Ancient Sinkhole Could Presage Mega-Tsunami for Hawaii

Makauwahi sinkhole, seen from the caves on the south side. (Craig Miller/KQED)
The Makauwahi sinkhole on Kauai, as seen from the caves on the south side of this hidden bowl. (Craig Miller/KQED)

Four years ago this week, an earthquake off the Japan coast unleashed a wall of water that devastated coastal cities there — and caused more than $50 million in damages along the California coast from Santa Cruz to Crescent City.

The Tohoku Earthquake and its aftermath are a reminder that the threat of tsunamis is always with us.

Especially vulnerable is the state of Hawaii, where scientists have been calculating just how big that threat might be, using evidence that could’ve gone completely unnoticed.

PrintHidden away on the south shore of Kauai, Hawaii’s geologically oldest island, is Makauwahi sinkhole, a small wonder amid the dense coastal vegetation. It also contains buried treasure for scientists who study Pacific tsunamis.
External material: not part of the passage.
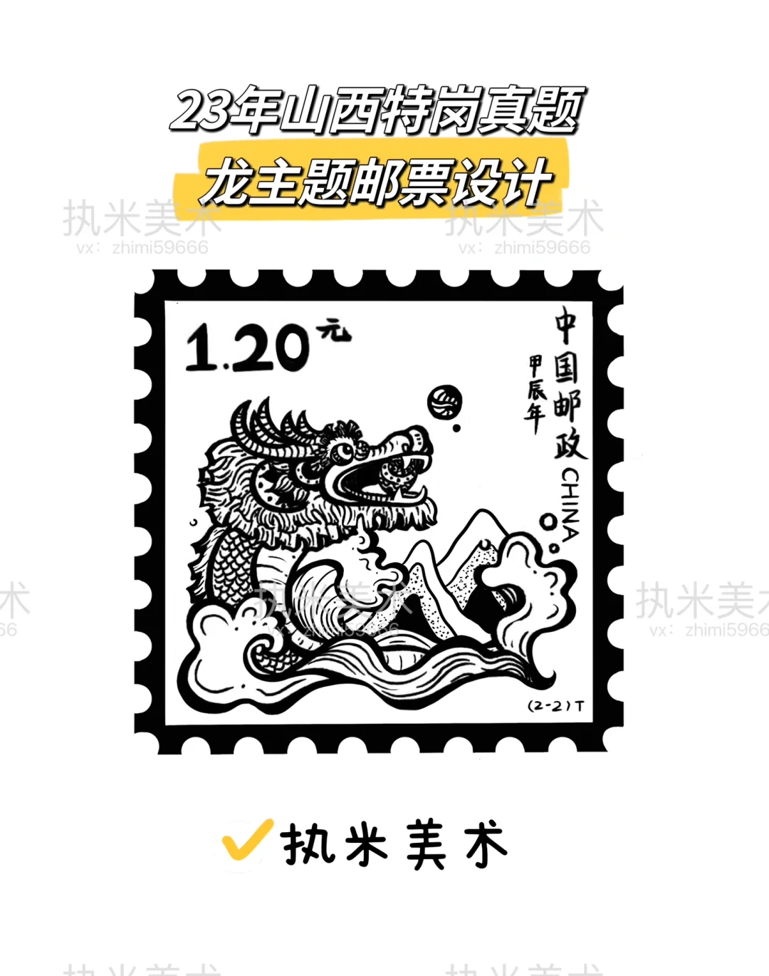 >✨23年山西教招美术真题 | 龙主题邮票设计

“It’s just a massive old sand dune that has — scientists will say ‘lithified’ — it’s become rock,” explains Chris Landreau, an archaeologist who’s worked on digs at the sinkhole. Emerging through a small cave on the north side of the bowl, it presents as its own tiny world, open to the sky, surrounded by sheer walls. Palm trees sprout from the floor of the crater.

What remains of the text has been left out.